Lytle: Pay-to-play postseason women's basketball another NCAA embarrassment

The CSU women's basketball team is playing in the WNIT, with a first-round game Thursday night at Northern Iowa.
The CSU women's basketball team is playing in the WNIT, with a first-round game Thursday night at Northern Iowa.

One of the best college basketball players in the country paid for the chance to keep playing this postseason.

No, the honorable mention All-American McKenna Hofschild doesn’t directly have to put in a deposit to play this postseason, but the inclusion of the team requires a significant financial commitment from Colorado State athletics.

Hofschild and the CSU women’s basketball team accepted an invite to the WNIT, the secondary event to the NCAA Tournament. While Hofschild didn't play in CSU's game Thursday (lower-body injury, per the radio broadcast), the pay-to-play problem still stands.

On the men’s side, the NIT is a fairly prestigious event, with costs covered by the NCAA and strong television support (CSU’s men’s team made the NIT Final Four in 2021).

The NCAA doesn’t run the WNIT (yet). Instead, it’s operated by Fort Collins-based Triple Crown Sports.

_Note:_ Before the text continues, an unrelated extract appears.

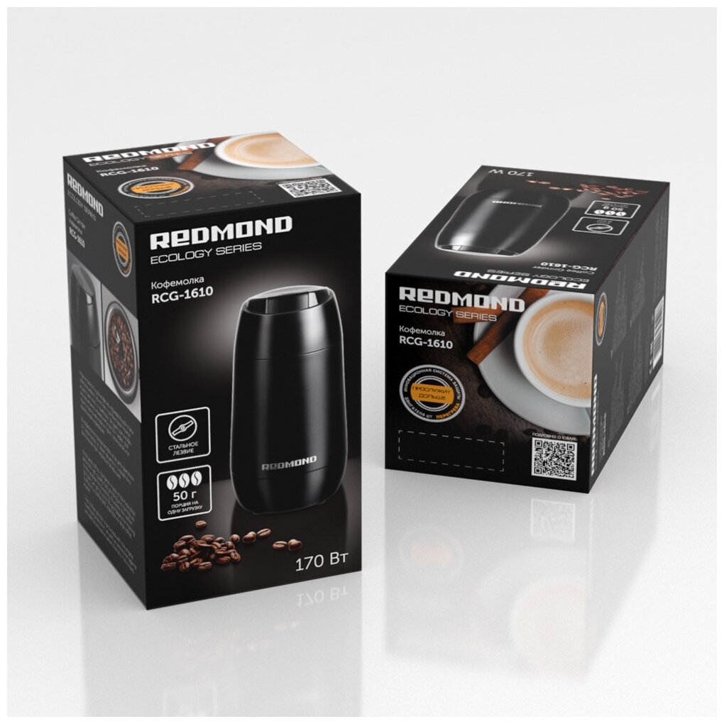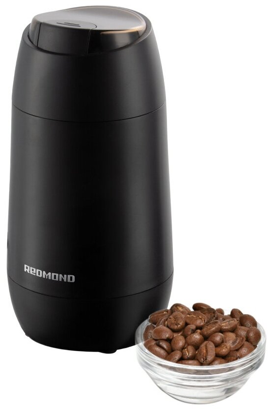Кофемолка REDMOND RCG-1610 — компактный и надежный помощник для любителей ароматного свежемолотого кофе. Скорость вращения ножей в кофемолке достигает 20 000 — 23 500 об/мин: с ее помощью вы за пару минут измельчите кофейные зерна или специи.

The 64-team event is pay-to-play, meaning that strong teams like the Rams (20-11 heading into Thursday's loss to Northern Iowa) faced an awkward decision to either pay a big chunk of money or end their season without postseason play if they missed the 64-team NCAA Tournament.

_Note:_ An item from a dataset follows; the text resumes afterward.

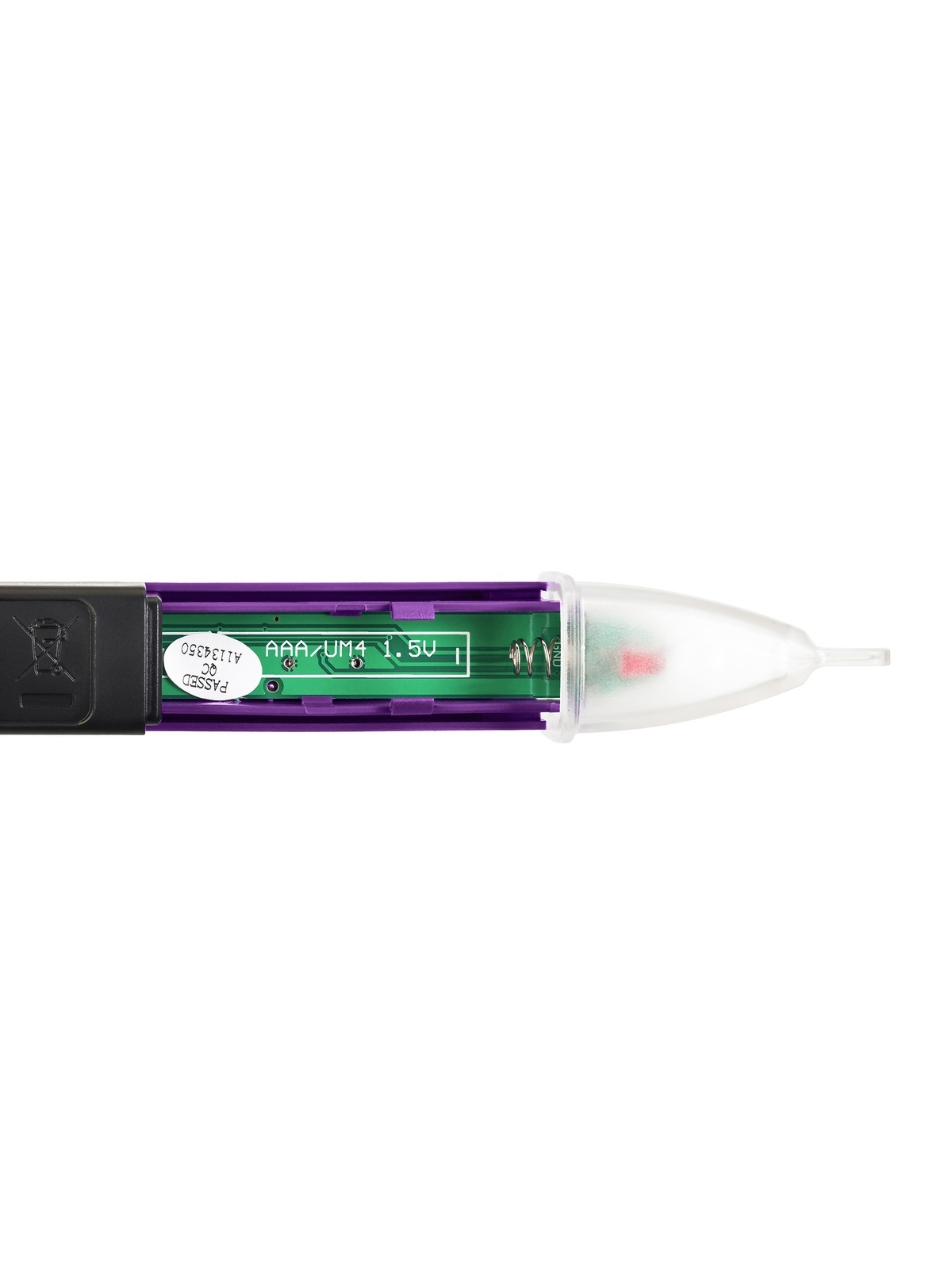 Для уведомления об обнаружении напряжения используется звуковой сигнал-зуммер и световой сигнал в виде красного мигания. Также на корпусе есть кнопка фонарика, по яркости света которого можно среди прочего определять уровень заряда батареек: если свет стал слишком тусклым, значит, их следует заменить. В приборе используются стандартные батарейки типа ААА.

It's a decision that the 100 NCAA Division I men's teams invited to the NCAA and NIT tournaments don't have to face. For all the NCAA's claims about its commitment to provide female athletes equal opportunity, there's no denying the inequality faced by those 36 women's teams paying for something their male counterparts enjoy for free.

The cost for CSU to play Thursday at Northern Iowa is roughly $20,000 to $25,000 (including entry to the tournament, travel, etc.), athletic director Joe Parker told me this week. CSU is in the WNIT for the second year in a row and fourth time since 2017.

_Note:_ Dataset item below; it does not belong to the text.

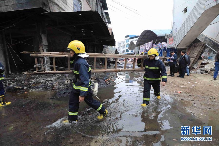 2月5日,在融安县大良镇,消防人员在火灾现场清理物品。

Parker said the money will likely come from several areas, from sport-specific funds and even fundraising from boosters. Think about that: a team having to raise its own money to play in a postseason tournament.

Fans shouldn’t have to help a team pay to play, yet here we are. This team deserves better than to be asked to pay its way into the tournament. As Parker said by saying booster funds could be used, and several sources confirmed, the team was asked to pay for itself.

A team can surely feel it should be a no-problem decision to play. Bean counters can be justified in being wary of the costs to play in a second-choice tournament.

It’s just another example of how slow the NCAA is to actually act on equality. The overlords will finally take over the women's secondary tournament next year, Parker said. That’s one step in the right direction, but, per usual, much later than it should have been taken.

Triple Crown started the postseason WNIT in 1998, filling one of the many opportunity gaps the NCAA left wide open. In many ways, it’s been a service to have this tournament available and Triple Crown is not to blame for running a tournament as as a for-profit business.

Still, it should be an NCAA event. Teams must pay to host or pay to travel. An NCAA-run 32-team tournament to mirror the men’s side (with costs covered) is what is needed. Along with that, prize money for advancing needs to be a part of the package.

This week provides yet another example of the mistreatment of women’s college basketball by the NCAA. Unfortunately, you don't have to look far for other examples.

These are embarrassing missteps from the NCAA. None of those would ever happen on the men’s side.

Parker said it’s unlikely that future CSU teams will pay to play in postseason tournaments such as the third-tier College Basketball Invitational on the men's side.

“I’m thankful that it’s going to be managed by the NCAA. There’s still going to be these pay-to-participate opportunities. As a department, our attitude is ... if we don’t make the NCAA Tournament and we don’t make the NIT equivalent for men and women in the future, it’s going to be really hard to justify spending money to continue play if you haven’t earned the right to continue postseason play," Parker said. "What have you earned if you have to pay for it?"

That's a good question for the NCAA to consider. If the CSU women are good enough to qualify for a secondary (NIT-style) tournament, the decision to play shouldn't come with an invoice.

The NCAA can pass out all the hoodies, T-shirts and stickers it wants to celebrate Title IX, but those trinkets feel hollow when member schools' women's teams have to raise their own funds to play in the postseason.